Policjanci zatrzymali kierowcę audi, który w terenie zabudowanym w pow. makowskim (woj. mazowieckie) jechał 132 km/h . Mężczyzna był pijany. Funkcjonariuszom tłumaczył, że wracał do domu z urlopu, a przed wyjazdem wypił kilka piw. 51-latek stracił prawo jazdy i czekają go surowe konsekwencje prawne i finansowe.

REKLAMA
Zdjęcie ilustracyjne

W sobotę kilka minut przed godz. 18 policjanci z grupy Speed zatrzymali w miejscowości Załuzie, w pow. makowskim, pędzące z dużą prędkością audi.
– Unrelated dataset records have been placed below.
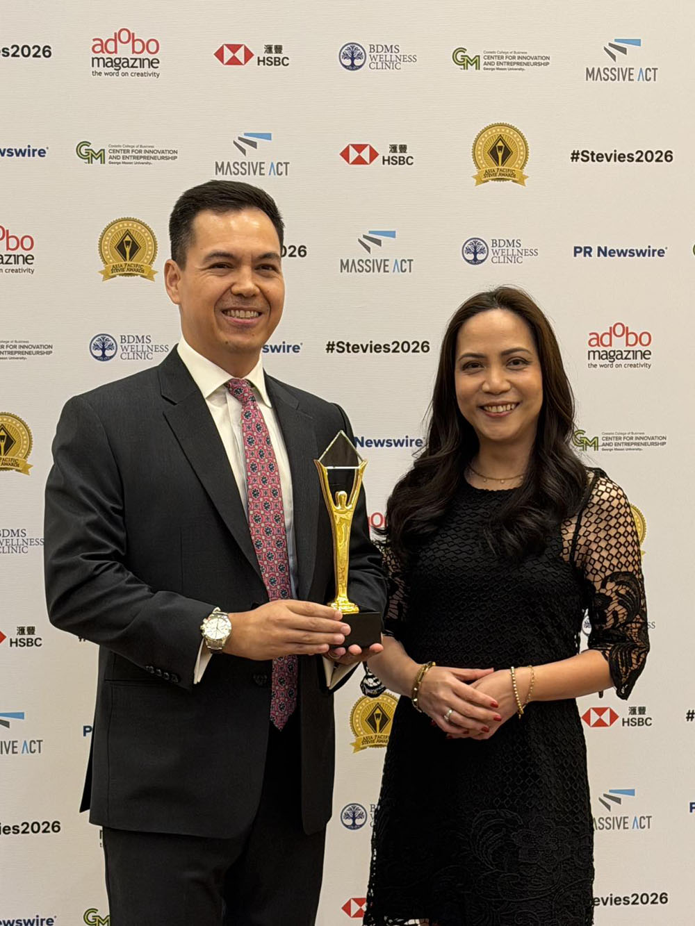 Will Howell, COO and CFO of 2GO Group, Inc., and Ethel Concepcion, Head of Corporate Marketing and Communications, accept two 2026 Asia-Pacific Stevie® Awards on behalf of 2GO Group.
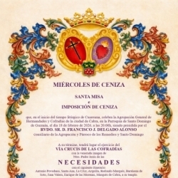 La misa de inicio del tiempo de Cuaresma que organiza el colectivo cofrade tendrá lugar en la parroquia de Santo Domingo de Guzmán, sede de la Agrupación, el miércoles 18 de febrero de 2026 a las 20h. La celebración eucarística será presidida por el consiliario de la Agrupación y párroco de Gaena, los Remedios y Santo Domingo, Francisco J. Delgado Alonso.
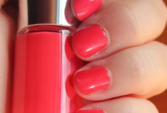 C’est un beau corail très lumineux et qui fait très effet "gel", j’adore cet effet pour l’été !
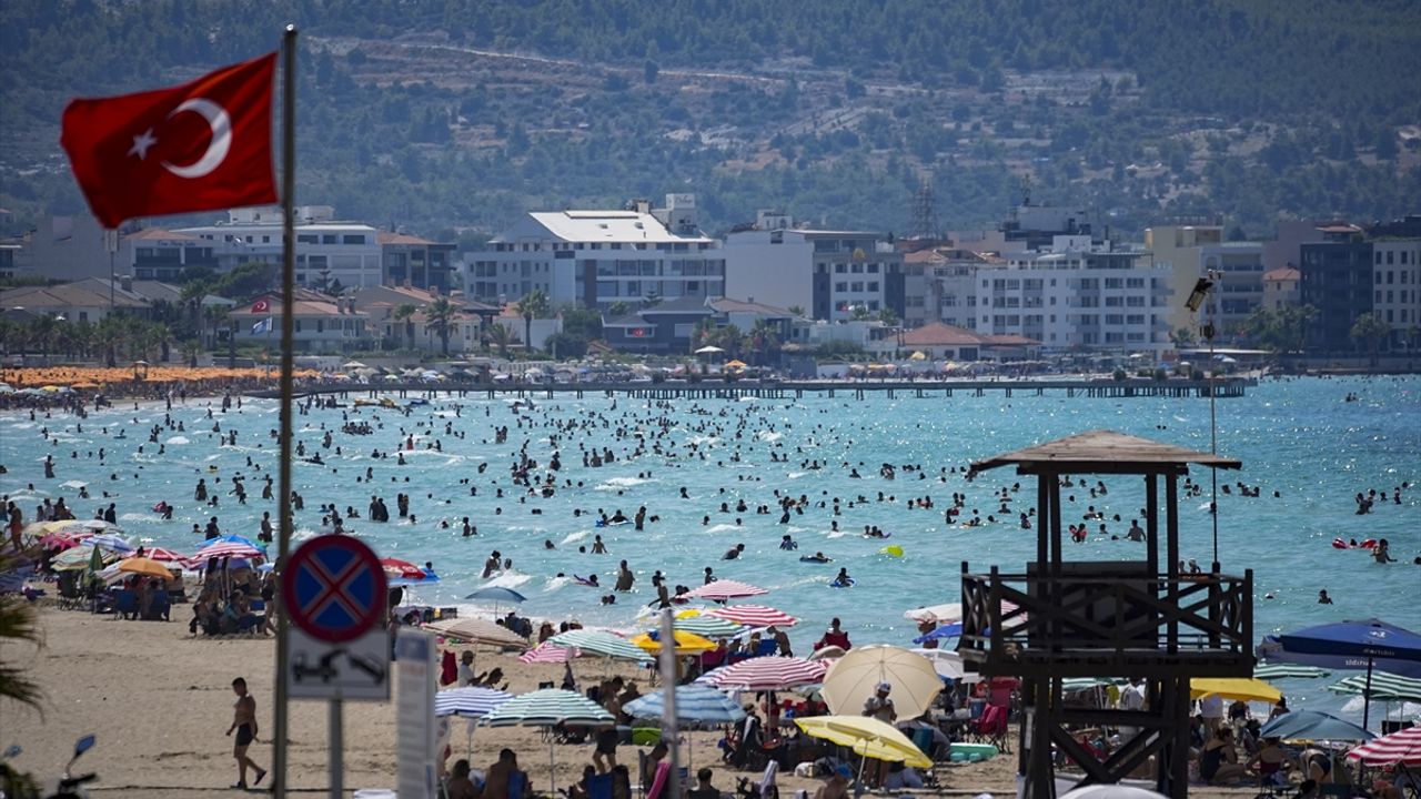 Yerli ve yabancı turistlerin yanı sıra ilçe sakinleri de Çeşme'nin yaklaşık bin 200 metre uzunluğundaki ünlü Ilıca Plajı'nda denize girerek serinlemeyi tercih etti.

Pojazd, przy obowiązującym w tym miejscu ograniczeniu prędkości do 50 km/h, poruszał się z prędkością aż 132 km/h – powiedział rzecznik ostrołęckiej policji kom. Tomasz Żerański.

Jak się okazało, kierujący audi był także pijany. Od 51-latka mocno było czuć alkohol. Badanie trzeźwości wykazało, że ma on w organizmie ponad 1 promil alkoholu.

Mężczyzna tłumaczył, że właśnie wraca z urlopu nad morzem, a przed wyjazdem wypił kilka piw.

Mieszkaniec pow. makowskiego już stracił prawo jazdy. Niebawem odpowie za swoje postępowanie przed sądem. Czeka go odpowiedzialność karna i wysoka kara finansowa w wysokości nawet kilkudziesięciu tysięcy złotych.